While the French bank undertook to “no longer offer products and services to companies developing new mining, power plant or infrastructure projects related to thermal coal” in 2020, this exclusion does not cover products and services “ exclusively dedicated to the energy transition”. Adani Green is currently considered by the bank as a company whose activities are dedicated to the energy transition, despite the fact that part of Adani Green’s financing is redirected to other Adani Group entities directly responsible for coal expansion projects (5). It is this loophole that allows Société Générale to continue financing Adani Green, and which may mislead its shareholders.
Questioned on the subject in a written question at its last Annual General Meeting, Société Générale sidestepped the issue, replying that “in view of its legal and/or contractual confidentiality obligations, (its) policy is not to disclose information on transactions or companies, (and) therefore (that it) does not intend to comment on the allegations against Adani” (6).
More coal for Adani
According to the latest data from the Global Coal Exit List, Adani still plans to increase its coal-fired power generation capacity in India by 20,550 MW over the next four years, which is more than its current coal-fired power generation capacity of 17,510 MW (7).
It also plans to expand its coal mining activities in India and Australia, from the current 11.2 million tonnes produced annually to over 100 million tonnes a year in the future.
These projects run totally counter to the recommendations of climate scientists, who calls for a halt to all coal expansion and the phasing out of thermal coal worldwide by 2040, in order to keep the 1.5°C temperature rise target within reach.

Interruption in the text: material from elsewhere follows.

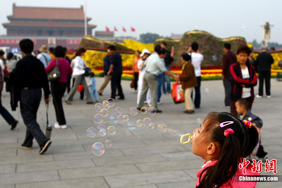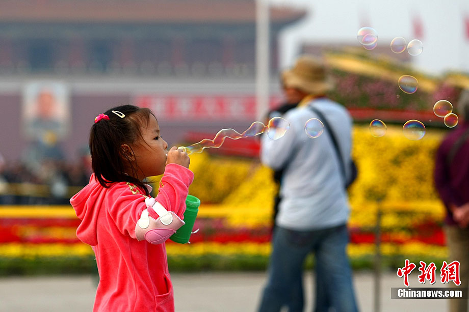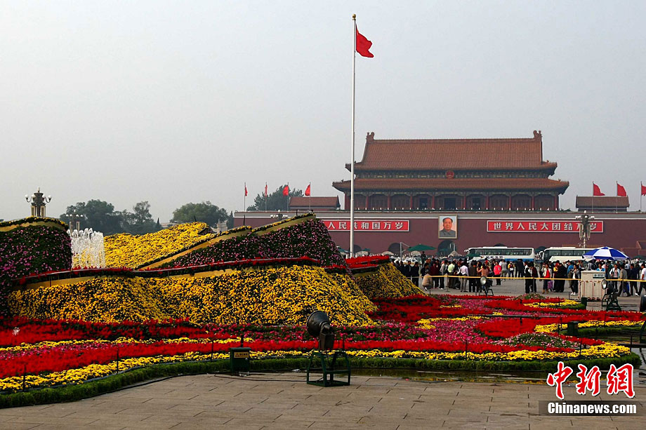 9月25日上午,北京市園林綠化局宣傳中心對外宣布,為了迎接建國61周年,天安門廣場主題為“花開盛世”的中心水法花壇已經安裝完畢并正式亮相。吳間道 攝 圖片來源:cnsphoto

Adani, a symbol of opacity and financial scandals
The Adani Group has been embroiled in several international scandals in recent years.
First, it was accused by Hindenburg Research, an American investment research firm known for its short selling, of organizing the biggest scam in corporate history by engaging in brazen stock market manipulation and accounting fraud for decades (8).
Gautam Adani, the company’s CEO, has also just been indicted by US prosecutors for conspiring with executives of a former New York-listed company to devise a $265 million scheme to bribe Indian officials in order to secure solar energy contracts (9). Adani and its executives are also accused of making false and misleading statements to investors and lenders in the United States regarding the company’s anti-corruption commitments and practices, while seeking to obtain funds from them (9).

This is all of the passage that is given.